The key point here is that the amino acids aren't useful until they fold into a 3D shape. It's the shape that determines what the protein does. We often know a protein's amino acid sequence - ie, the parts list. But experimentally figuring out the 3D structure is hard, slow, and expensive.
The number of possible ways an amino acid chain can fold is astronomically large.

The hemoglobin, Nobel Prize story
Hemoglobin is the protein in your red blood cells that picks up oxygen in your lungs and delivers it to the rest of your body. In the 1950s, we knew hemoglobin's amino acid sequence, but the sequence alone couldn't tell us how it actually carried oxygen.
In 1959, after more than 20 years of work, Max Perutz solved hemoglobin's 3D shape using X-ray crystallography. It was the first time anyone had determined a full protein structure. He won the Nobel Prize for it.
With that blueprint, we could finally understand how hemoglobin works, how mutations break it, and how to intervene at a molecular level (disease diagnosis, drug development, molecular medicine).
Hundreds of millions of years work in a few months
Before AlphaFold, we had about 180,000 experimentally solved structures - the result of about six decades of work.

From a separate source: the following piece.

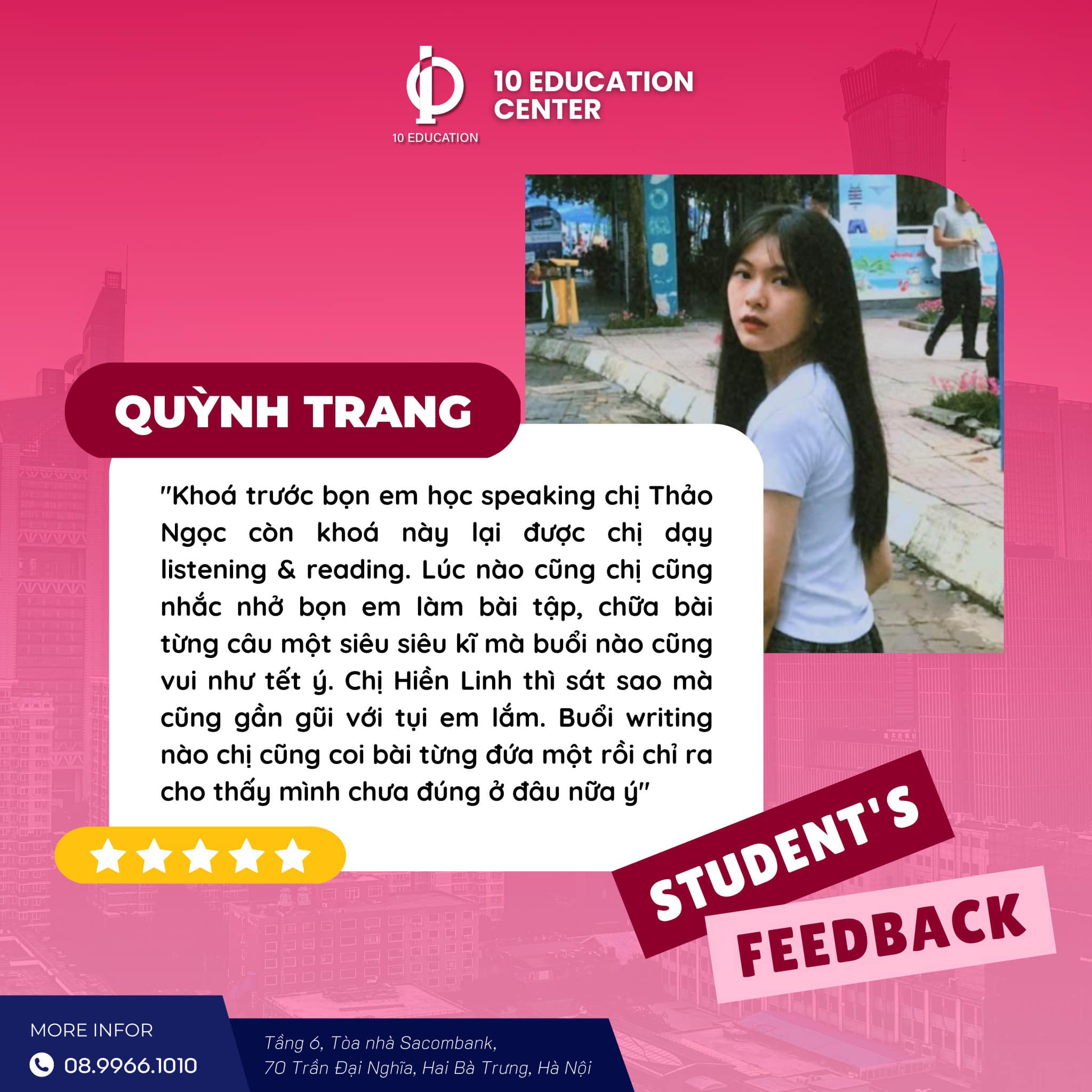 Với hệ thống các cơ sở trải khắp các thành phố Hà Nội, Sóc Sơn, Hải Dương, TP Hồ Chí Minh, 10 EDUCATION luôn không ngừng nỗ lực hơn nữa để đồng hành với hàng triệu người Việt chinh phục mục tiêu IELTS điểm cao.

Post AlphaFold, we have more than 200 million predicted proteins - Essentially the entire known protein universe is now “structurally charted”.

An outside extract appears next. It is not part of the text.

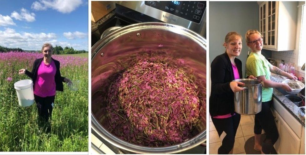 My cousin and I began the process by ATVing out to the front yard to gather the beautiful flowers. They key when gathering them is to strip the bud of all the flowers leaving only the green stem behind. We needed a lot of them so we began picking them as fast as possible. Fifteen minutes later we traveled back up to the house and began boiling the pot of fireweed.

This would have taken us hundreds of millions of years to solve experimentally. AlphaFold did it in months.
Video of demis releasing. Over 3 million researchers in 190 countries now use the database. More than a million of those are in low- and middle-income countries. It's been cited in over 35,000 papers. It won the Nobel Prize in Chemistry.
Saving honeybees and better understanding infertility
The implications are real - drug discovery, understanding disease, designing new proteins, understanding evolution. Here are two real and recent examples.

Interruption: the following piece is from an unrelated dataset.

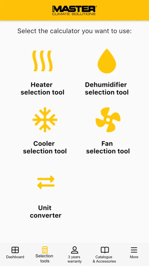 This app is suitable for many users working in a wide range of industries but also for individuals and home applications. Find out our best recommendations when you want to heat, cool, dry or ventilate any room or working area. The Master App includes clever selection tools to use before purchase. Try it now!

Helping Honeybee populations - Breeding & Disease Resistance
There's a protein in honeybees called Vitellogenin. It plays a central role in bee health - immunity, stress resistance, feeding offspring, colony resilience. For a long time, biologists knew its amino acid sequence but had no reliable 3D structure. In 2021, a researcher named Vilde Leipart used AlphaFold to predict Vitellogenin's structure. "It took me two days," she said, "to do something that could have taken me years." DeepMind write-up With that structure, scientists could now see which genetic variants of the protein give better resilience or immunity, before bees are even bred. This would normally require years of trial-and-error breeding. This could help prevent colony collapse, safeguard pollination, improve crop yields etc. And because many egg-laying species use similar proteins - fish, poultry, amphibians, reptiles, these insights might help protect other vulnerable species too.
Infertility in humans
We've known for a while that certain proteins help sperm and egg bind together. But fertilization has remained largely mysterious. Using AlphaFold, researchers screened thousands of proteins and found one called Tmem81 that no one had linked to fertilization before. It forms a complex with two known proteins, and together they act as the "key" that unlocks the egg. They tested it: fish and mice without Tmem81 were infertile. Sperm couldn't bind. Now we have a molecular picture of how fertilization works. That opens doors—diagnosing infertility, new treatments, maybe even new contraceptives. Read more here.
Better mental models
It's important to emphasise the ‘messiness and complexity of biology’ - John Jumper and others who worked on AlphaFold continually do this. AlphaFold is only a small part of solving the larger puzzle of understanding life and curing disease. Regardless, this more utilitarian view seems like a better model for how AI might change the course of things, and a far more valuable space to invest time and effort.